Sous les tropismes du concept
Sous les tropismes du concept
Par Judicaël Lavrador
Publié dans Les enfants du Sabbat 14, Collection mes pas à faire au creux de l'enfer
Coédition Le Creux de l'Enfer, Thiers, École supérieure d'art de Clermont Métropole, École nationale supérieure des beaux-arts de Lyon, 2013
S'il y a un tropisme conceptuel dans l'art contemporain, qui facilite souvent sa caricature en création pure, sans objets en dur, et pleine - trop pleine - d'idées dématérialisées, les œuvres de Maxime Lamarche, elles, rappellent qu'il y a aussi, au même endroit, toute la place pour une intelligence de la main et du bricolage. Laquelle s'applique à l'endroit le plus spectaculaire du divertissement et de la culture : au cinéma et aux objets qu'il met en scène et élève au rang d'objets mythiques.
Parmi eux la voiture, mais pas n'importe laquelle, celle dont Anthony Perkins, tueur psychopathe, doit se débarrasser dans Psychose. La scène est culte : dans les eaux noires d'un étang, la voiture de Marion, la victime, rechigne à couler à pic. Ce suspens, Maxime Lamarche le rejoue et l'étire en longueur avec sa propre héroïne, une automobile, une Ford - comme dans le film -, mise à l'eau dans la Saône au petit matin (Object in mirror are closer than they appear). Dans l'obscurité elle flotte, miraculeusement. Mais le jour se lève et finit par révéler discrètement la supercherie, autrement dit : que la carrosserie a été tranchée longitudinalement, qu'elle repose sur des flotteurs, des fûts, qui la maintiennent à flot comme un radeau. Radeau du cinéma, industrie culturelle dont les plus belles heures sont derrière elle, et puis le radeau de l'industrie automobile, qui boit la tasse en période de crise. La sculpture, (Midnightswim) montrée l'an dernier dans le cadre du "Voyage à Nantes", réactive autant qu'elle bloque l'imaginaire fier et conquérant, motorisé et rutilant, que véhiculait le cinéma durant la période faste des Trentes Glorieuses.

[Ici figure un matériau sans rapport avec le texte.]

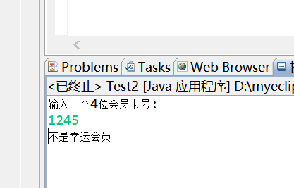 package homework2; import java.util.Random; import java.util.Scanner; public class Test2 { /** * @param args */ public static void main(String[] args) { // TODO Auto-generated method stub Random r=new Random(); Scanner input=new Scanner(System.in); System.out.println("输入一个4位会员卡号:"); int x=input.nextInt(); int a=r.nextInt(10); if(a==x/100%10){ System.out.println("是幸运会员"); } else{ System.out.println("不是幸运会员"); } } }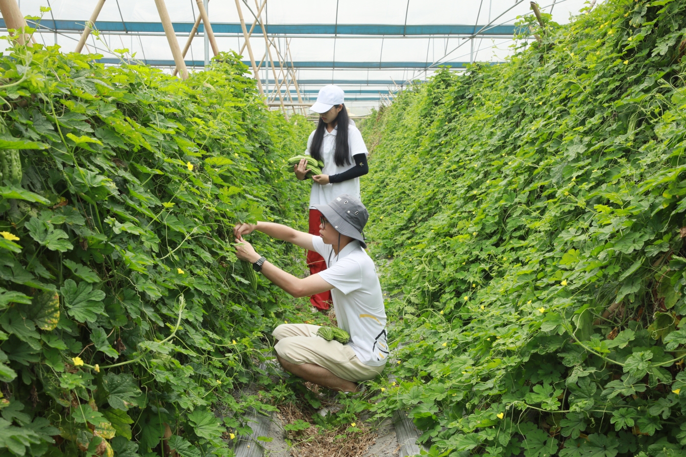 来到红盒子庄园,队员们居住在临时搭建的板房内,办公室则是由员工餐厅临时改造而来。基地条件艰苦,队员们日常还需要早出晚归外出调研、采摘苦瓜等。范裕聪坦言,在跟着基地负责人雷军实地走访的过程中,了解到很多关于土地流转、村民沟通等在乡村振兴过程中实际遇到的难题,这些都是他们此前在学校理论学习中未曾接触过的。“雷总在路上随便走一走,指着路边的一块地、一株草讲一讲故事,我们都感觉受益匪浅。”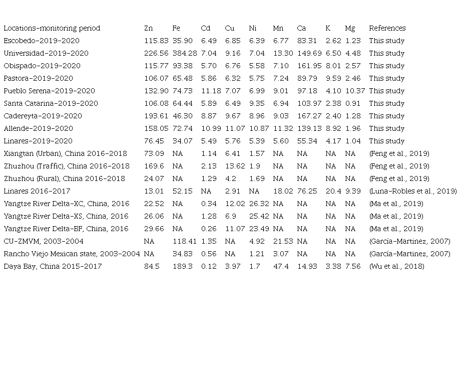 Fe values for the University site are higher than those reported in the Daya Bay in China (Wu et al., 2018) and they are also higher than those reported for the CU-Metropolitan Area of the Valley of Mexico (García-Martínez, 2007), as well to the other values obtained for the rest of the monitoring sites of this investigation. Furthermore, the Cd reported here exceeds all values of other studies given in Table VIII, and the Ni value is only exceeded by the location reported from Yangtze River Delta in China (Ma et al., 2019). In the case of Mn deposition, Luna-Robles et al. (2019) in Linares, Mexico, and Wu et al. (2018) in Daya Bay, China, showed greater depositions values than those obtained in all sites in this study. Calcium exceeds all values reported in other studies, but in the case of Linares site the Ca deposited is lower than the reported for the same site during 2016-2017 (Luna-Robles et al., 2019). K and Mg values reported by the previous study in Linares site are higher than in this study, only Mg values in Pueblo Serena site are greater than those previously reported (Luna-Robles et al., 2019).

Il a des ailes, hélas il n'a pas d'hélices - titre emprunté significativement à une réplique de La Grande Vadrouille - cloue au sol le mythe américain de la conquête à cheval mécanique : un moteur de moto - celle que chevauche Tom Cruise dans Top Gun - est encastré dans une armature de groupe électrogène reconstruit. Immobilisée donc, la machine alimente, une fois allumée, un projecteur qui braquera toute sa lumière sur elle et rien que sur elle, cette machine célibataire dont toute la puissante, fumeuse et bruyante énergie ne se dépense qu'en pure perte, qu'en pur narcissisme.

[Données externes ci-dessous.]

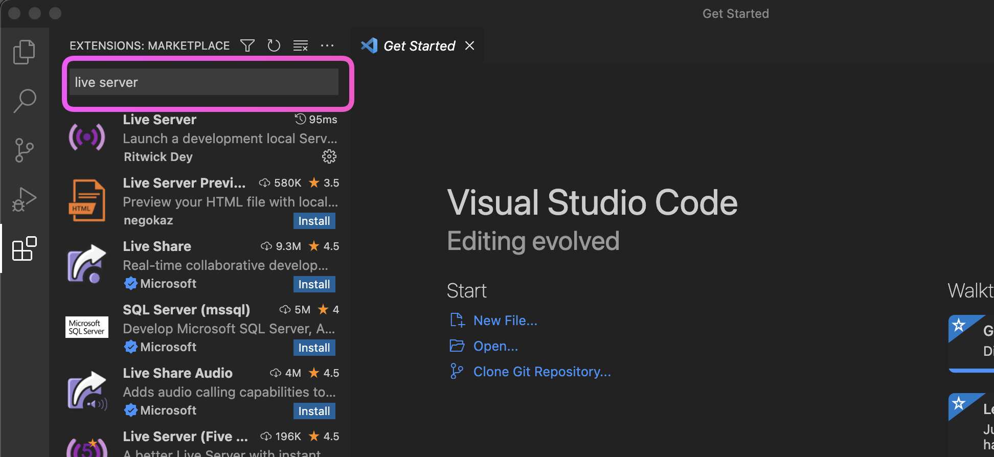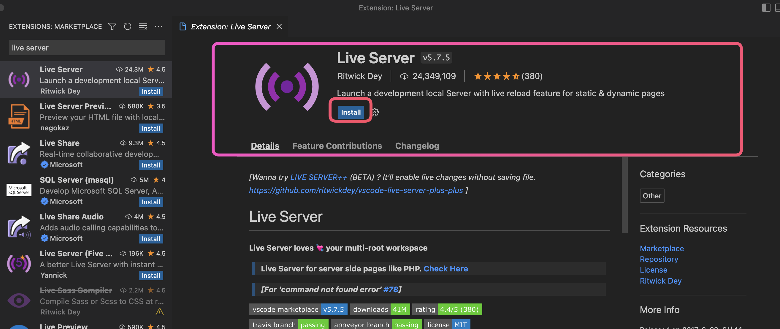 그리고 검색창에 "Live Server"라고 입력하시면, 몇개의 extension들이 보일겁니다.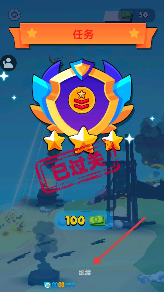 完成摧毁指定数量敌军单位的任务目标后,即可进入下一关卡。

Testarosso est un autre rejeton de cette lignée paradoxale d'objets promis à un voyage fulgurant et réduits à l'immobilité maladroite des empotés. Recouvert d'un rouge Ferrari laqué, brillant, c'est une flying case sur roulettes, une malle lourde et bancale, qui, une fois dépliés ses nombreux rangements, a du mal à supporter son propre poids. Trop illustratif ? Non, car l'objet est aussi une sculpture géométrique qui démantibule et déstructure la forme du tableau selon le procédé de mise à plat des moyens de la peinture qu'opérait Support(s)/Surface(s). Autrement dit, le panneau supérieur de la malle peut s'accrocher au mur où il prend alors l'aspect d'un monochrome rouge, laissant à découvert la sculpture et les illusions qu'elle nourrissait. Pirouette conceptuelle que cette autre suggestion de présentation ? Non plus, car le privilège de ceux, comme Maxime Lamarche, qui fabriquent tout de A à Z, récupèrent des matériaux usagers, greffent des objets sur d'autres, hybrident l'usage qui peut en être fait - même en rêve. C'est leur apanage que de varier les perspectives de lecture de leurs œuvres sans que cela paraisse poussif ou artificiel : le spectateur peut éprouver, toucher, s'essayer à ces dispositifs hybrides.